Beverly B. Lavietes scite author profile

Fibronectin promotes macrophage adherence and expression of Fc receptors, is chemotactic for fibroblasts, and is an opsonin for fibrin and denatured collagen. These properties suggest a role for fibronectin in the modulation of joint inflammation. Since structural modification of the fibronectin molecule has been shown to result in loss or de novo acquisition of opsonic and chemotactic activity, we determined the functional and immunochemical properties of fibronectin isolated from the inflamed joint. Eighty‐six percent of synovial fluids obtained from patients with active rheumatoid arthritis (RA) contained fibronectin fragments, and 39% of the fluids no longer displayed the dimeric form.
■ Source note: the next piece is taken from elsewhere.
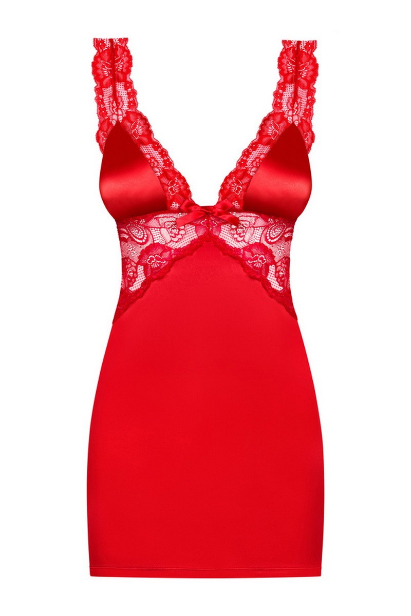 - neglijeu din material satinat si dantela fina si eleganta in zona bustului si sub cupe, bretele fixe, reglabile dantelate.
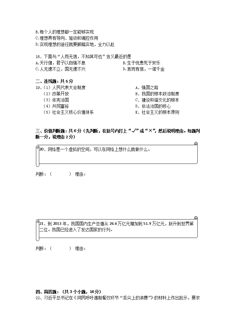 【文档预览】 无忧考网整理发布2013年贵州黔东南州中考思想品德真题及答案(Word版),前五页预览如下:

Compared with native fibronectin, RA peptides were as active in promoting synoviocyte chemotaxis and in glycosaminoglycan binding, but displayed lower affinity for fibrin and gelatin. Although comparable with intact protein in augmenting monocyte attachment to gelatin, the RA synovial fluid peptides did not augment monocyte attachment to fibrin. Analysis of whole synovial fluid and isolated fibronectins by enzyme immunoassay showed that the increased fibronectin immunoreactivity, previously reported in RA synovial fluid, measures intact and nearly intact protein and does not measure extensively degraded fragments.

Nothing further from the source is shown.